## WHAT THE TASK REQUIRES
Your task is to copy the stretch of lines in the records below that begins with the line containing "Figure 7. Inside the House of Trade (detail)" and ends with the line containing "sense of self.", exactly as written, with nothing added.

## MATERIAL TO PROCESS
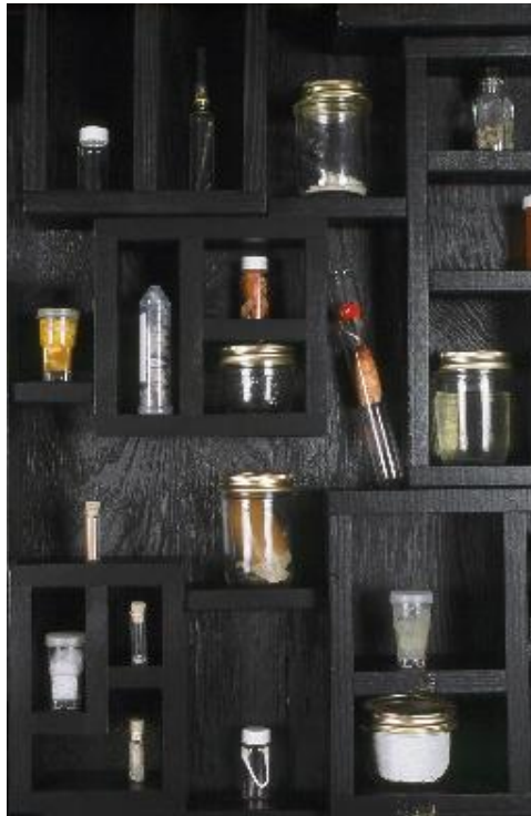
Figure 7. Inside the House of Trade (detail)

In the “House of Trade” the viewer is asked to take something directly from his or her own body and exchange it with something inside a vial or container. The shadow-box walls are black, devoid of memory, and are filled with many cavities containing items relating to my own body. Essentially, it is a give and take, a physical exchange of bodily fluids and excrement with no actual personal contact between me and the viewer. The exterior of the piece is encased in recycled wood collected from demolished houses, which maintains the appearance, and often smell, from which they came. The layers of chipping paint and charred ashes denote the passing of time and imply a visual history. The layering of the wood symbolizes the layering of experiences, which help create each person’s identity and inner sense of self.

---

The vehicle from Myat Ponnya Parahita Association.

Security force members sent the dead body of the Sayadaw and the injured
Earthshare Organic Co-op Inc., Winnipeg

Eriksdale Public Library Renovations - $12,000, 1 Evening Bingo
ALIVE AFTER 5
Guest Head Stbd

## EXERCISE RESPONSE
Figure 7. Inside the House of Trade (detail)

In the “House of Trade” the viewer is asked to take something directly from his or her own body and exchange it with something inside a vial or container. The shadow-box walls are black, devoid of memory, and are filled with many cavities containing items relating to my own body. Essentially, it is a give and take, a physical exchange of bodily fluids and excrement with no actual personal contact between me and the viewer. The exterior of the piece is encased in recycled wood collected from demolished houses, which maintains the appearance, and often smell, from which they came. The layers of chipping paint and charred ashes denote the passing of time and imply a visual history. The layering of the wood symbolizes the layering of experiences, which help create each person’s identity and inner sense of self.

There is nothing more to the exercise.